● **Dataset records**
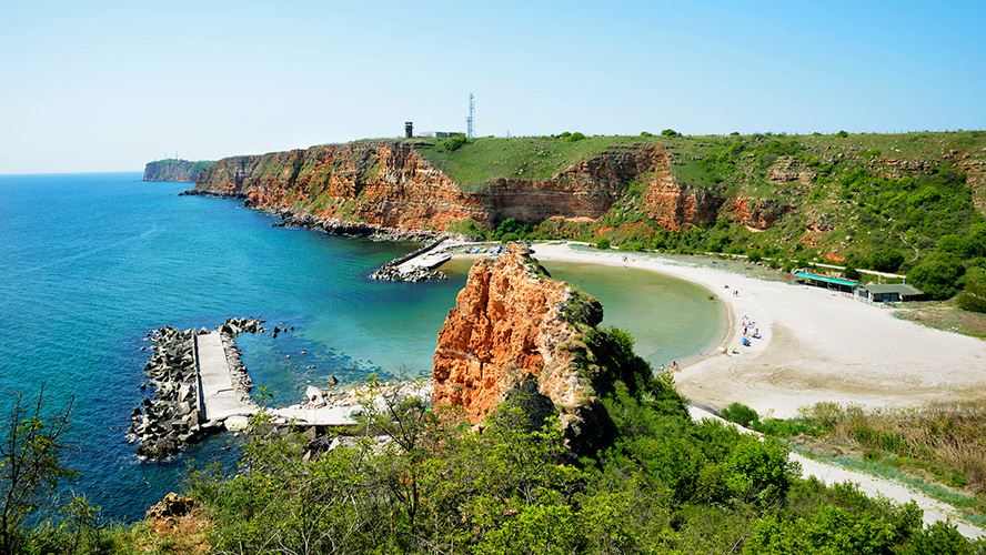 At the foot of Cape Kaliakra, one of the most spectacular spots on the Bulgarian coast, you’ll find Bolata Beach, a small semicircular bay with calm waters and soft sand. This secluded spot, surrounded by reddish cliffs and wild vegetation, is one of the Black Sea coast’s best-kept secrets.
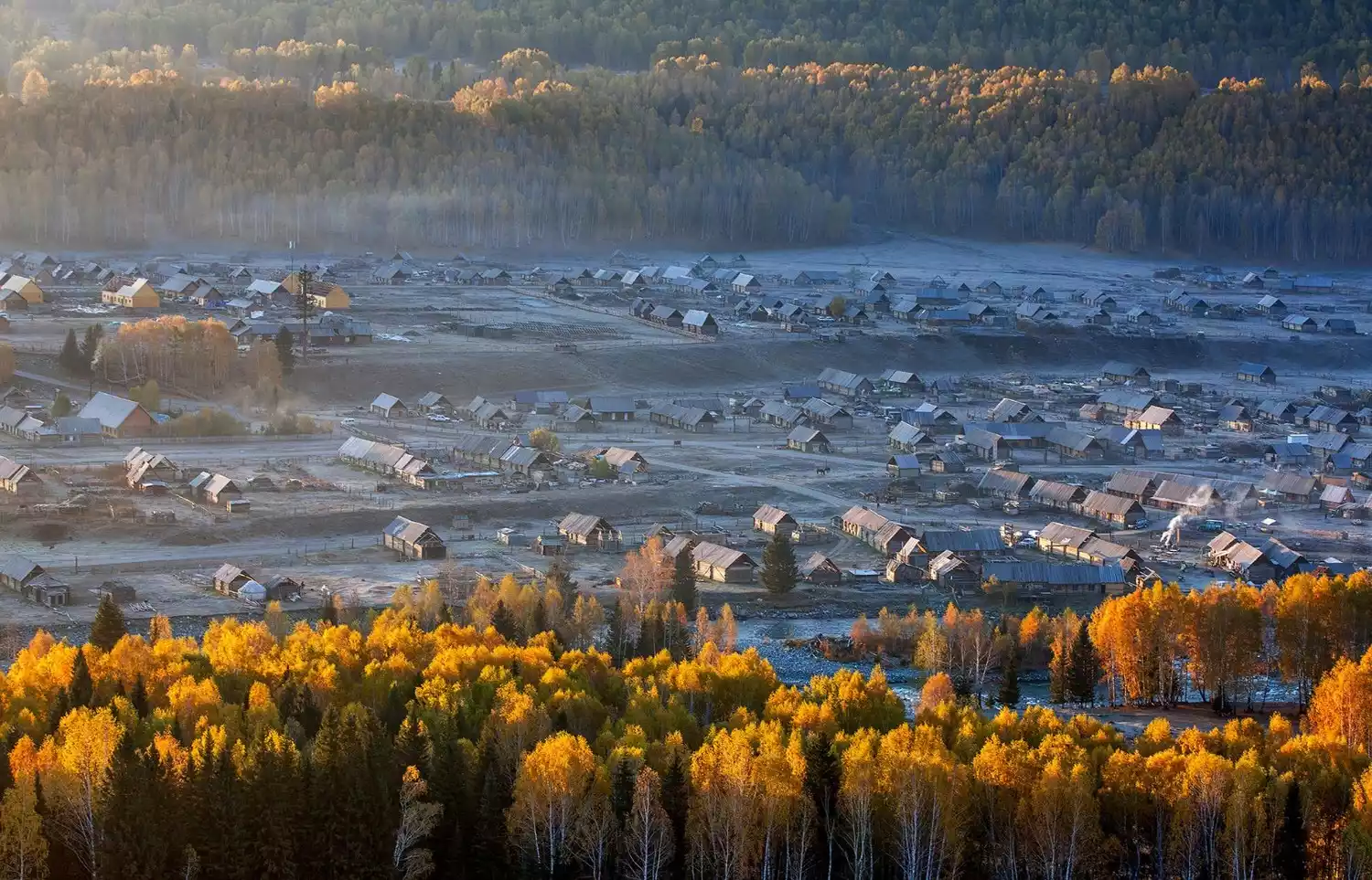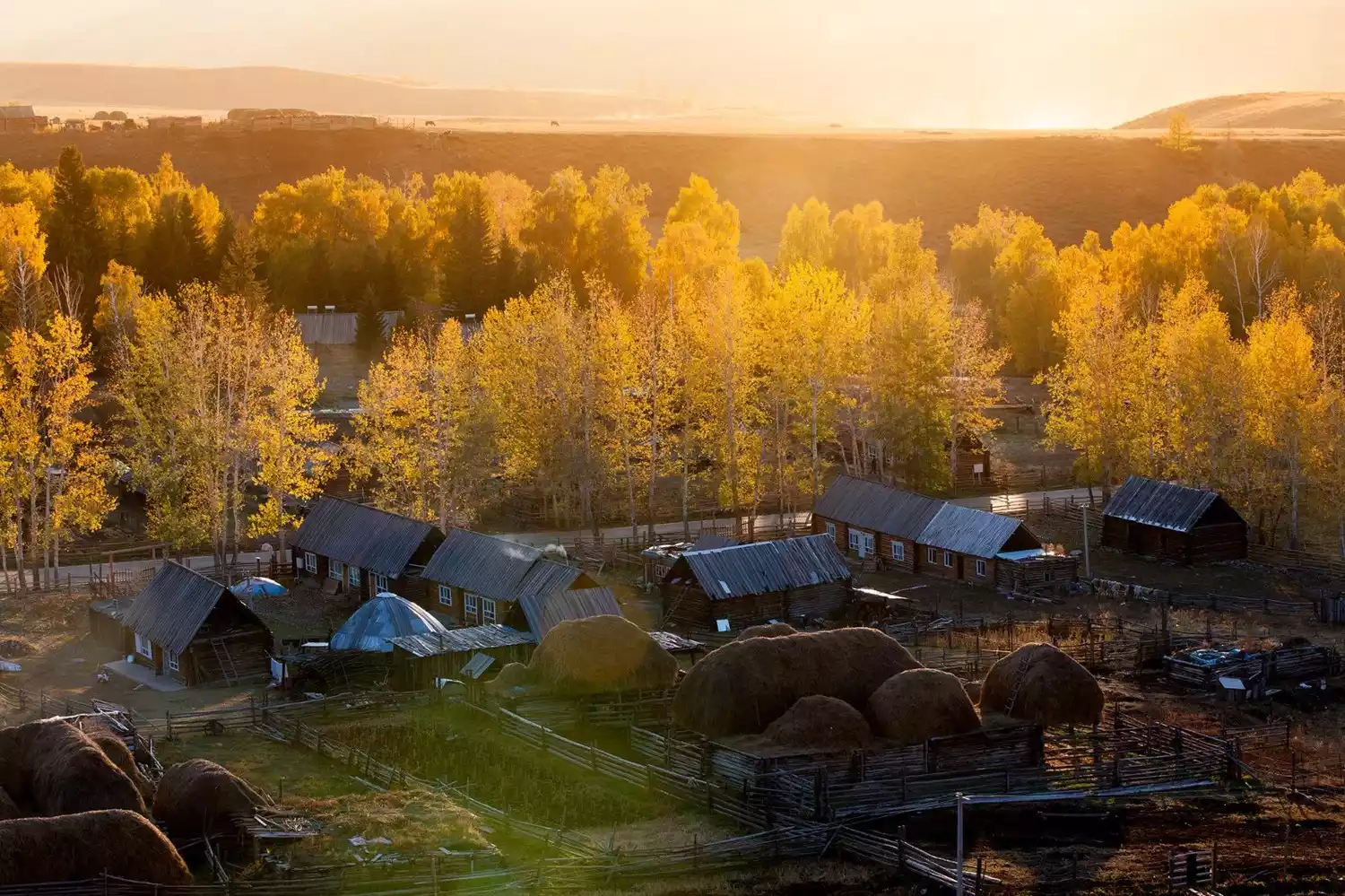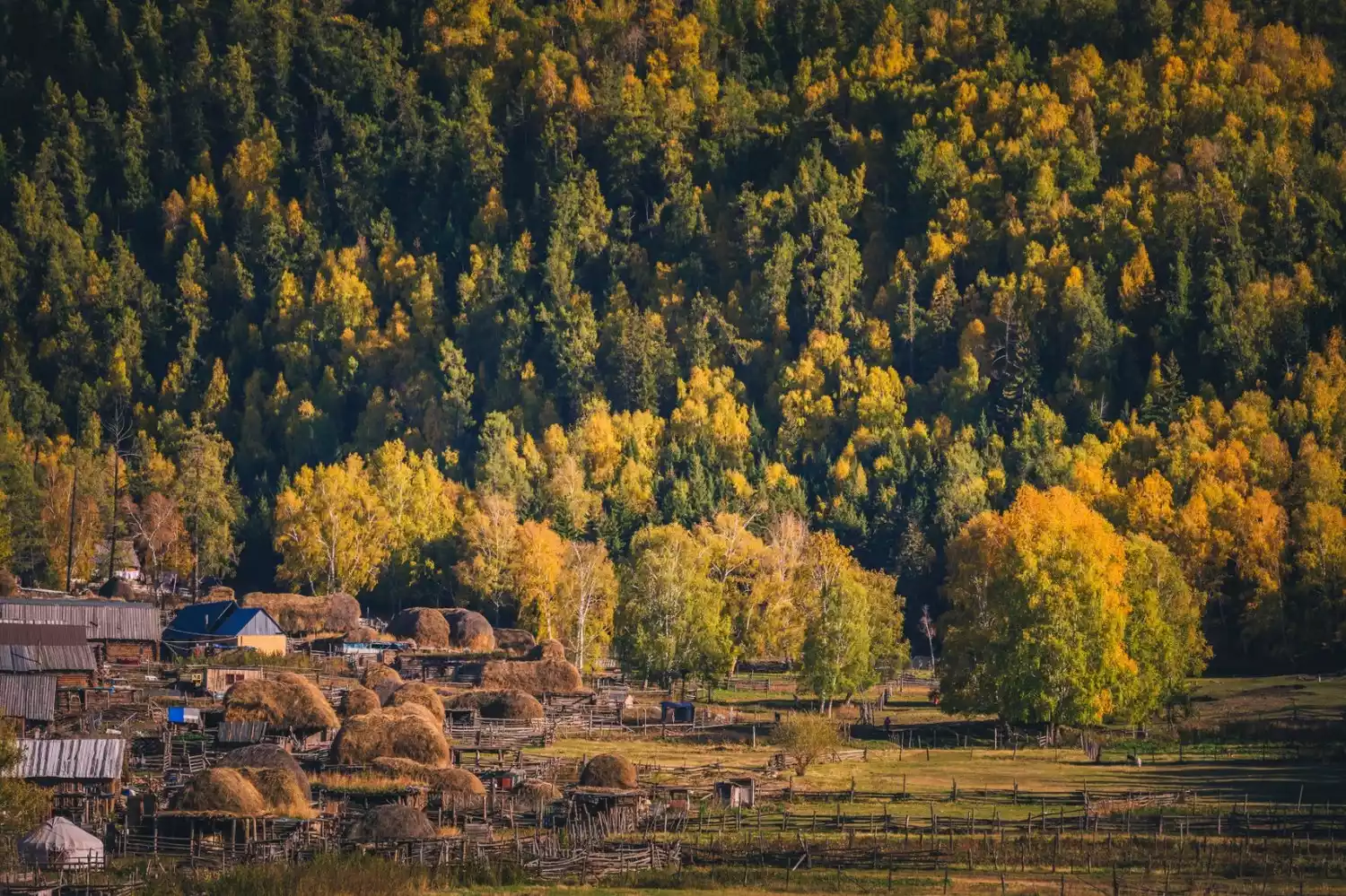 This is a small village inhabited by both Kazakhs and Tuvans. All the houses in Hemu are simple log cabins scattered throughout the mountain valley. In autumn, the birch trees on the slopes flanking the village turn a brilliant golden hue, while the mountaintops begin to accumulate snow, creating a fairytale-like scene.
...
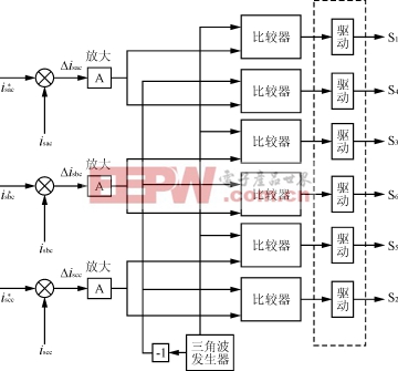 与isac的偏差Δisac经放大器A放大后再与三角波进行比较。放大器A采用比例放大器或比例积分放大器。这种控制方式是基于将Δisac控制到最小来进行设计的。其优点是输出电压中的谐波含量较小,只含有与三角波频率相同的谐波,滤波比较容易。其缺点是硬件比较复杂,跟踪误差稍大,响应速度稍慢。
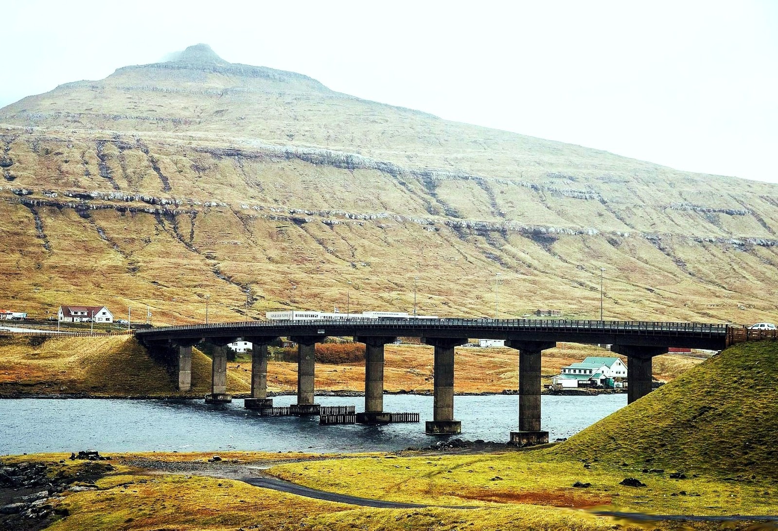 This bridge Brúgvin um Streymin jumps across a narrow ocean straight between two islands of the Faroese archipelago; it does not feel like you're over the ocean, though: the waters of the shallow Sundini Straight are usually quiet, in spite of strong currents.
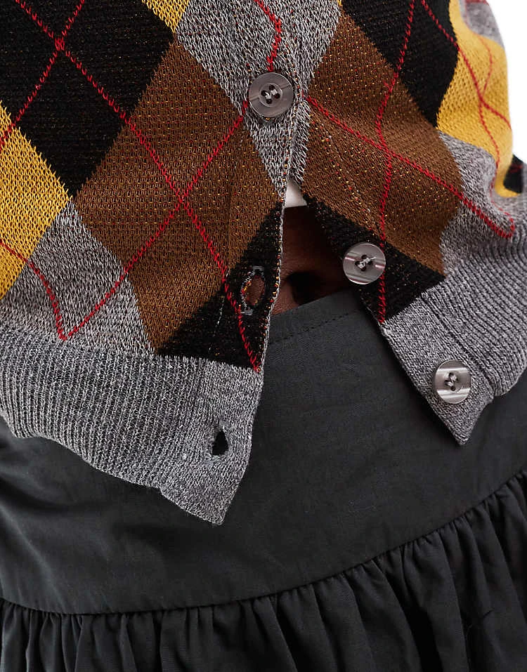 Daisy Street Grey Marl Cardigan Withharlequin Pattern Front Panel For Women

● **Goal of the exercise**
Only one part of the material above is wanted: the lines from the one with "This bridge Brúgvin" up to and including the one with "Daisy Street Grey". Please copy them exactly, pictures left out.

● **Task result**
 This bridge Brúgvin um Streymin jumps across a narrow ocean straight between two islands of the Faroese archipelago; it does not feel like you're over the ocean, though: the waters of the shallow Sundini Straight are usually quiet, in spite of strong currents.
 Daisy Street Grey Marl Cardigan Withharlequin Pattern Front Panel For Women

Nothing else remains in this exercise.